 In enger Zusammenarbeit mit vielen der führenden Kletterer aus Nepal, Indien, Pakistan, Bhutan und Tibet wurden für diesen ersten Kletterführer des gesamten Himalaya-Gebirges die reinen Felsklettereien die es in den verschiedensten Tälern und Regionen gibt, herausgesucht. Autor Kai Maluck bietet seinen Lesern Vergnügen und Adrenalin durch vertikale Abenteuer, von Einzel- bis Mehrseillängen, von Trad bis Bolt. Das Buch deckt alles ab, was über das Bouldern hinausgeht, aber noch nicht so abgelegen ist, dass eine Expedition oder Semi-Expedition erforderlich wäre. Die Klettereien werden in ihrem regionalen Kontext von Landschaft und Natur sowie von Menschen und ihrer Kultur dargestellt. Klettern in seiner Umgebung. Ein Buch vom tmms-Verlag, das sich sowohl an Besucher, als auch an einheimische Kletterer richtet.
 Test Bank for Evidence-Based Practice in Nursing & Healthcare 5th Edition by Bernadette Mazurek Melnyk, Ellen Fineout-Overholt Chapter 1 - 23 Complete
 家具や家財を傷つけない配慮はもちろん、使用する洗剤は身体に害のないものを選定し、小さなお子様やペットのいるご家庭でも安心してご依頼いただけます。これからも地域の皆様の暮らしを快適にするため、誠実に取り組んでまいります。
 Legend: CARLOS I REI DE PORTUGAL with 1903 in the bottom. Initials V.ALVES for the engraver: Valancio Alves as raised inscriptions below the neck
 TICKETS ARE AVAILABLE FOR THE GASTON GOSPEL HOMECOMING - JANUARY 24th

☆ ☆ ☆

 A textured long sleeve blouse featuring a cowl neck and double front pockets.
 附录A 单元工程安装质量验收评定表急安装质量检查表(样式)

☆ ☆ ☆

## Task goal
Your reply is to repeat, unchanged, the lines above running from the one with "Test Bank for" up to and including the one with "家具や家財を傷つけない配慮は".

## Solution to the problem
 Test Bank for Evidence-Based Practice in Nursing & Healthcare 5th Edition by Bernadette Mazurek Melnyk, Ellen Fineout-Overholt Chapter 1 - 23 Complete
 家具や家財を傷つけない配慮はもちろん、使用する洗剤は身体に害のないものを選定し、小さなお子様やペットのいるご家庭でも安心してご依頼いただけます。これからも地域の皆様の暮らしを快適にするため、誠実に取り組んでまいります。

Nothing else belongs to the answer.